These two wines, priced at €13.95 and €22.95 at Apolónia (Royal Palmeira and Quinta da Pedra respectively) are something of a departure from the norm when it comes to vinho verde.
Both are projects from Idealdrinks, a company with wineries in the Minho, Dão and Bairrada regions founded by the Monaco-based Portuguese businessman Carlos Dias who created the luxury watch brand Roger Dubuis, selling out in 2010 to the Richemont Group.
He invested heavily in the Portuguese wine business, acquiring vineyards and building state-of-the-art wineries with no expense spared on recruiting the expertise of leading Portuguese and international winemakers.
Dias himself no doubt had more than a little influence in the bottle designs, exercising some of the creative talent from his years as a watch designer to come up with these elegant and unusual bottles.
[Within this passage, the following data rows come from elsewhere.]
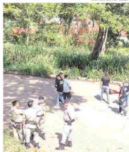
Policiais no local onde adolescentes foram assassinadas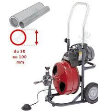
Pompe à détartrer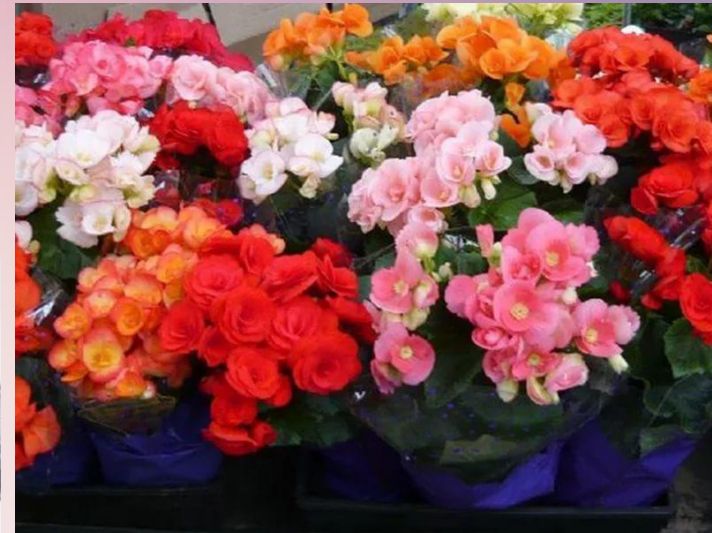
Бегония ( Begonia ) 80%: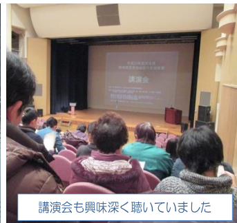
講演会も興味深く聴いていました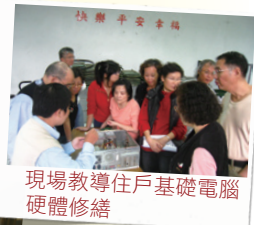
現場教導住戶基礎電腦硬體修繕

未來東京都亦將與聯盟進行更緊密的合作，透過政府及聯盟力量，結合各種資源舉辦精彩活動，提供社區知性、愉悅的生活學習機會，讓住戶享受更豐富的生活服務。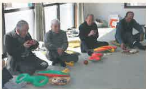
体を動かした後は、お茶とお菓子でおしゃべりの時間。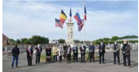
Commemoration du 8 mai 1945

This shelf-appeal, however, is just part of the story when it comes to reinventing vinho verde.
Quinta da Pedra Alvarinho is something quite unique, a wine that matures for a full two years before being released onto the market; six months in oak, six months in steel and a year in the bottle.
The oak is all but undetectable on the nose where subtle notes of caramelised lemon mingle with pineapple and the freshness of green apples.
In the mouth, it is creamy in texture without being claggy, a wine of true elegance that easily justifies the price tag.
Royal Palmeira is altogether a different wine, produced in this case from the traditional vinho verde grape Loureiro at another Minho vineyard owned by Idealdrinks.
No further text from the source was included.